Mahkemece, dava konusu taşınmazda paydaşlar arasında fiili taksim yapıldığının anlaşıldığı, davacının önalım hakkını kullanmak istemesinin TMK"nin 2. maddesinde yer alan dürüstlük kuralı ile bağdaşmayacağı gerekçe gösterilerek davanın reddine karar verilmiştir.
Hükmü, davacı vekili temyiz etmiştir.
1- Yapılan yargılamaya, toplanan delillere ve tüm dosya içeriğine göre davacı vekilinin aşağıdaki bendin kapsamı dışında kalan temyiz itirazları yerinde görülmemiş ve reddi gerekmiştir.
2- Önalım hakkı paylı mülkiyet hükümlerine tabi taşınmazlarda bir paydaşın taşınmaz üzerindeki payını kısmen veya tamamen üçüncü bir kişiye satması halinde diğer paydaşlara bu satılan payı öncelikle satın alma yetkisi veren bir haktır. Bu hak paylı mülkiyet ilişkisi kurulduğu anda doğar ve satışın yapılmasıyla kullanılabilir hale gelir.
TMK"nin 733. maddesi gereğince yapılan satışın, alıcı veya satıcı tarafından diğer paydaşlara noter aracılığıyla bildirilmesi zorunludur.
Önalım hakkı, satışın hak sahibine bildirildiği tarihin üzerinden üç ay ve herhalde satışın üzerinden iki yıl geçmekle düşer.
Bu süre hak düşürücü süre olup mahkemece kendiliğinden göz önünde bulundurulması gerekir.
Somut olaya gelince; dava konusu 1/2 payın davalıya satış tarihi 27.01.2012 olup davanın açıldığı tarih ise 10.02.2014"tür.
Bu durumda mahkemece, davanın iki yıllık hak düşürücü süre içerisinde açılmadığından reddine karar verilmesi gerekirken dava konusu taşınmazda fiili taksim bulunduğu gerekçesi ile reddine karar verilmesi doğru görülmemiş ve hükmün bu nedenle bozulması gerekmiş ise de davanın reddi sonucu itibariyle doğru olduğundan HUMK’nin 438/son maddesi gereğince hükmün gerekçesinin düzeltilerek onanmasına karar vermek gerekmiştir.

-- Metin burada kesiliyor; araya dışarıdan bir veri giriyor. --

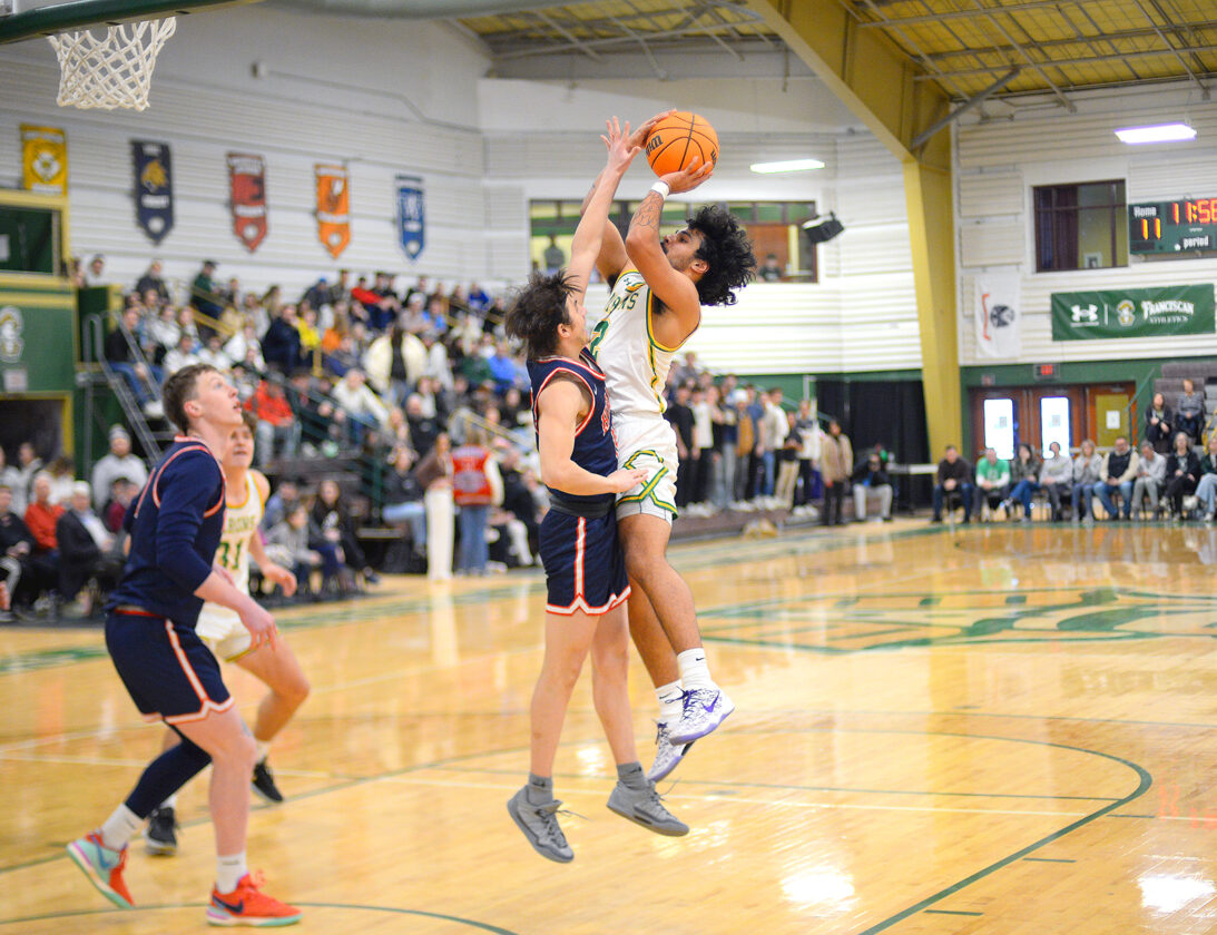- Franciscan’s Anthony Covetta puts up a layup on Saturday. – Andrew Grimm

SONUÇ: Yukarıda (1) nolu bentte açıklanan nedenlerle davacı vekilinin sair temyiz itirazlarının reddine, (2) nolu bentte açıklanan nedenlerle temyiz olunan hükmün gerekçesinin DÜZELTİLMİŞ bu şekli ile ONANMASINA, peşin yatırılan harcın istek halinde yatırana iadesine, kararın tebliğinden itibaren 15 gün içinde karar düzeltme yolu açık olmak üzere,
17.10.2018 gününde oybirliği ile karar verildi.